The International Air Transport Association (IATA) has released its results for the full-year 2020 global passenger results. Global demand in RPKs (revenue passenger kilometers) fell 65.9% compared to 2019 figures, and international passenger capacity measured in ASKs (available seat kilometers) fell by 75.6% compared to 2019 figures, while load factor fell 19.2% to 62.8% when compared to 2019 figures.
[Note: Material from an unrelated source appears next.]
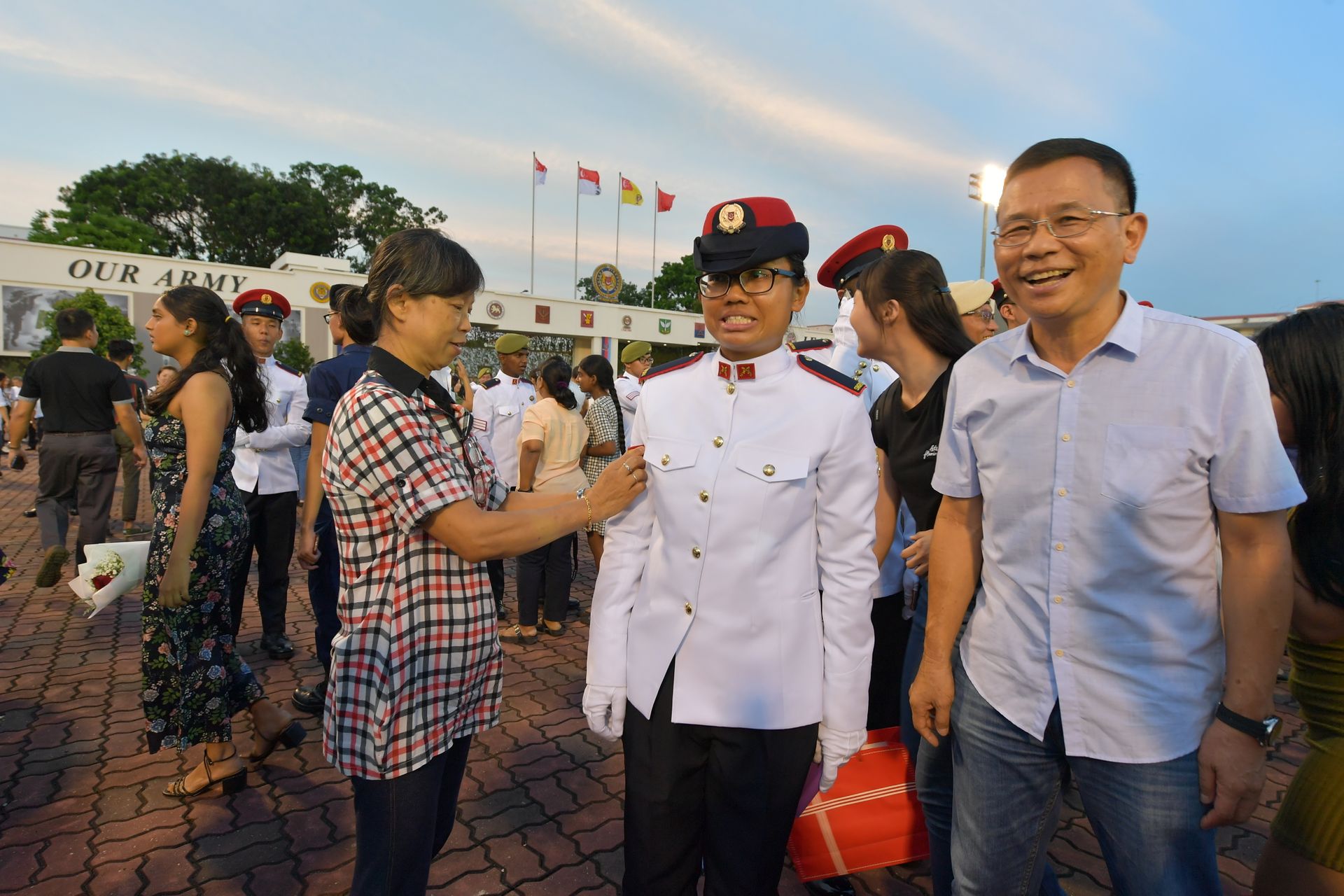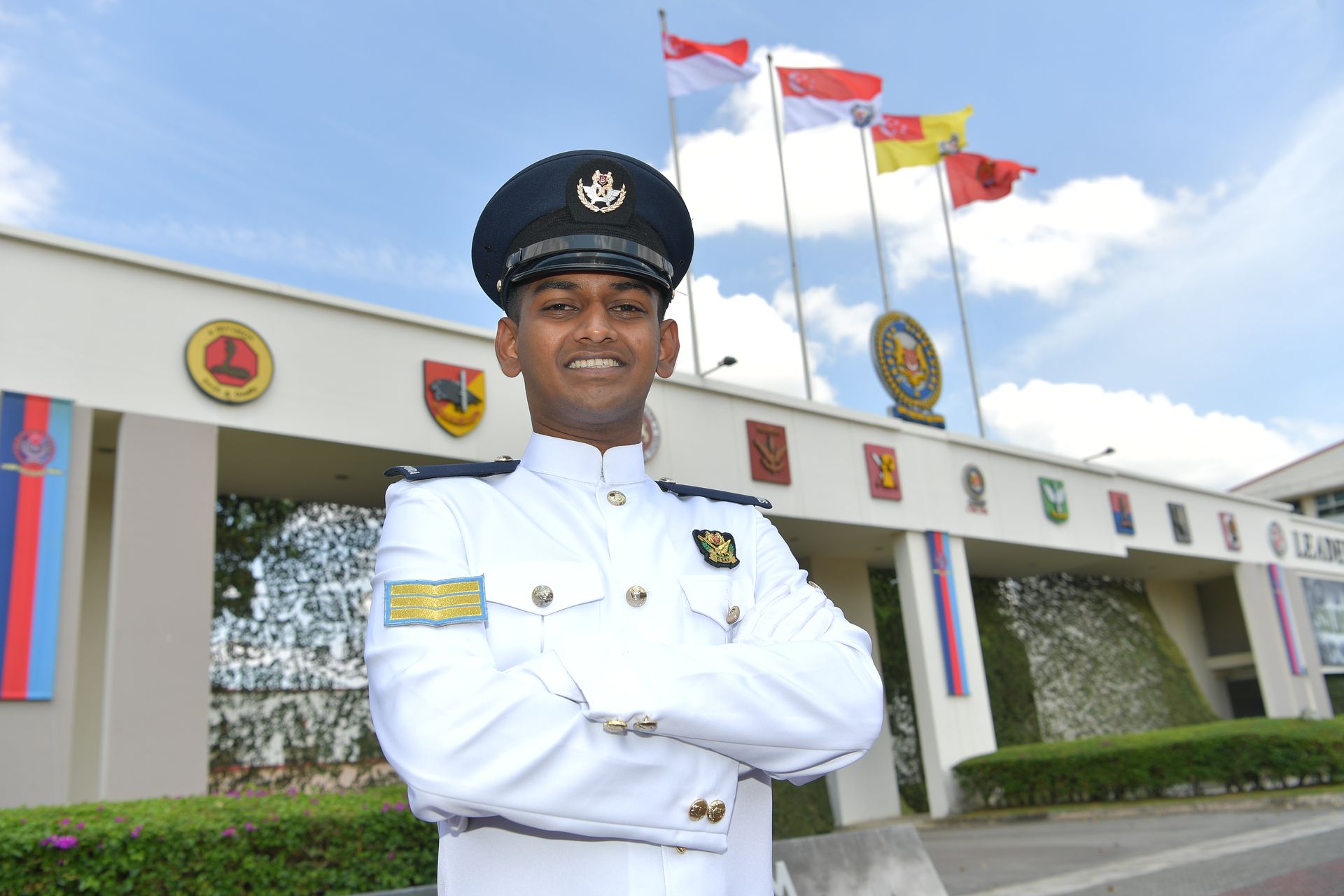 "你将肩负起率领士兵保卫新加坡主权的责任,对可能出现的任何挑战保持强健而有韧性。"
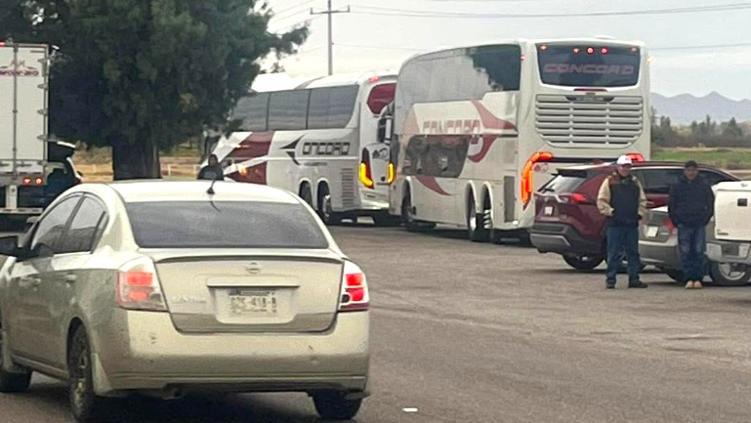 Grupo de productores que se manifestaron en la caseta Saucillo detuvieron dos autobuses que iban a Ciudad de México para el mitin de la presidenta Claudia Sheinbaum, incluso ponchando llantas.

Domestic demand fell 48.8% and capacity contracted 35.7%, with the load factor dropping 17% to 66.6%. The outlook for 2021 still looks bleak with bookings for future travel down 70% compared to this time a year ago.

IATA’s baseline forecast for 2021 is for a 50.4% improvement on 2020 demand that would bring the industry to 50.6% of 2019 levels. While this view remains unchanged, there is a severe downside risk if more severe travel restrictions in response to new virus variants persist. Should such a scenario materialize, demand improvement could be limited to just 13% over 2020 levels, leaving the industry at 38% of 2019 levels.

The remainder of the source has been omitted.